If the roots of ` 24x^3 - 26 x^2 + 9x -1=0` are in H.P then the roots are

To solve the equation \( 24x^3 - 26x^2 + 9x - 1 = 0 \) given that its roots are in Harmonic Progression (H.P.), we will follow these steps: ### Step 1: Understanding the relationship between H.P. and A.P. If the roots are in H.P., then their reciprocals will be in Arithmetic Progression (A.P.).

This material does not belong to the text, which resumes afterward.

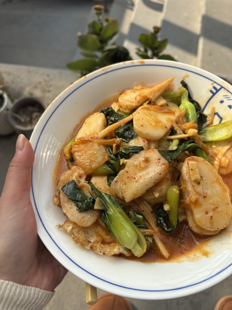 | @醒狮妹妹 冬日美味——年糕 糯叽叽的年糕加农贸市场新上的冬笋,再配上自家地里一朵朵鲜嫩的青菜,吃着自己炒的年糕,真幸福。 |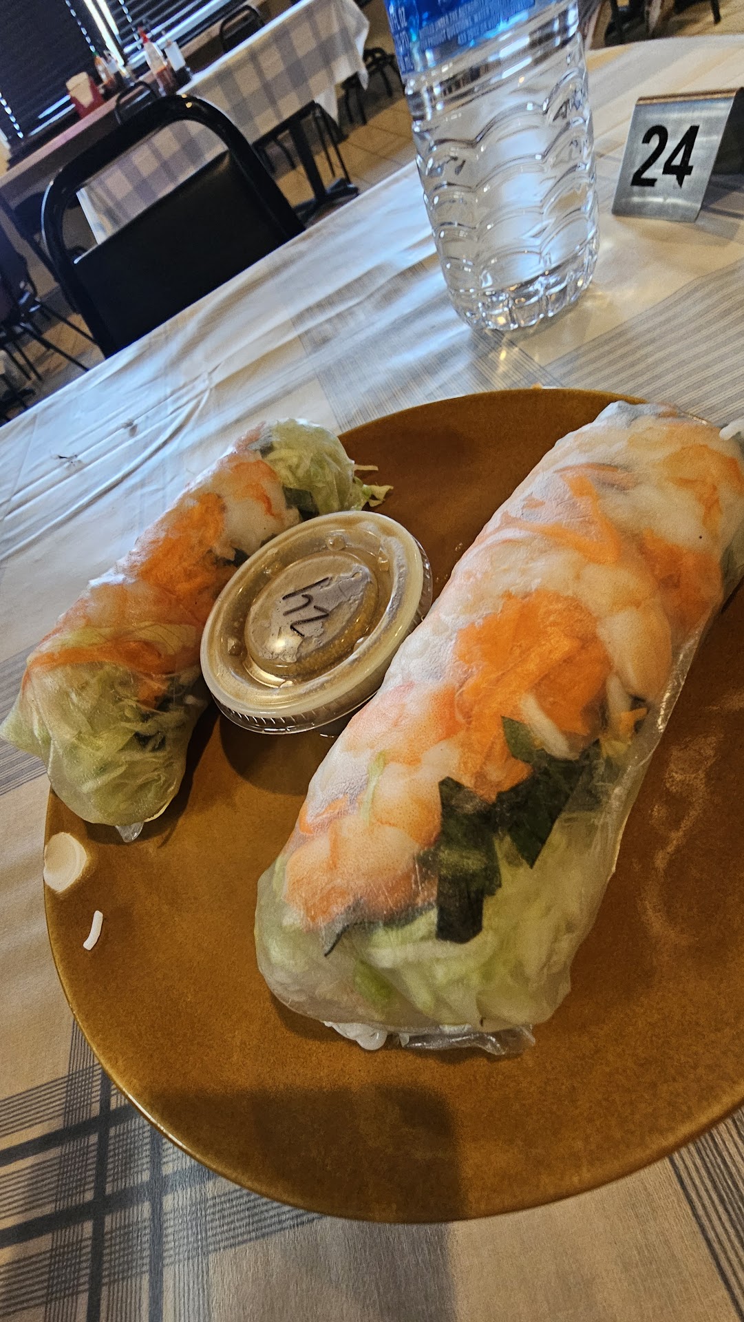 I very much enjoyed the pork and shrimp spring rolls. These things are huge! I probably could have just had this order of two for my dinner. The wrapping they come in is almost see-through and a bit sticky to the touch. It held inside a great variety of vegetables, shrimp and pork. I really enjoyed these and highly recommend them.

Let the roots be \( a - d, a, a + d \). ### Step 2: Substitute \( x = \frac{1}{y} \) To find the new polynomial in terms of \( y \), we substitute \( x = \frac{1}{y} \): \[ 24\left(\frac{1}{y}\right)^3 - 26\left(\frac{1}{y}\right)^2 + 9\left(\frac{1}{y}\right) - 1 = 0 \] This simplifies to: \[ \frac{24}{y^3} - \frac{26}{y^2} + \frac{9}{y} - 1 = 0 \] Multiplying through by \( y^3 \) to eliminate the denominators gives: \[ 24 - 26y + 9y^2 - y^3 = 0 \] Rearranging this, we have: \[ -y^3 + 9y^2 - 26y + 24 = 0 \] or equivalently: \[ y^3 - 9y^2 + 26y - 24 = 0 \] ### Step 3: Coefficients comparison Now we compare this with the general cubic equation \( ay^3 + by^2 + cy + d = 0 \): - \( a = 1 \) - \( b = -9 \) - \( c = 26 \) - \( d = -24 \) ### Step 4: Finding the sum of the roots Using Vieta's formulas, the sum of the roots \( (a - d) + a + (a + d) = 3a \) is equal to \( -\frac{b}{a} = 9 \): \[ 3a = 9 \implies a = 3 \] ### Step 5: Finding the product of the roots The product of the roots \( (a - d) \cdot a \cdot (a + d) = a^3 - ad^2 \) is equal to \( -\frac{d}{a} = 24 \): \[ 3^3 - 3d^2 = 24 \implies 27 - 3d^2 = 24 \implies 3d^2 = 3 \implies d^2 = 1 \implies d = \pm 1 \] ### Step 6: Finding the roots Now we can find the roots: - \( a - d = 3 - 1 = 2 \) - \( a = 3 \) - \( a + d = 3 + 1 = 4 \) ### Step 7: Roots in H.P. The roots in H.P. are the reciprocals of the roots in A.P.: \[ \frac{1}{2}, \frac{1}{3}, \frac{1}{4} \] ### Final Answer Thus, the roots of the equation \( 24x^3 - 26x^2 + 9x - 1 = 0 \) are: \[ \frac{1}{2}, \frac{1}{3}, \frac{1}{4} \]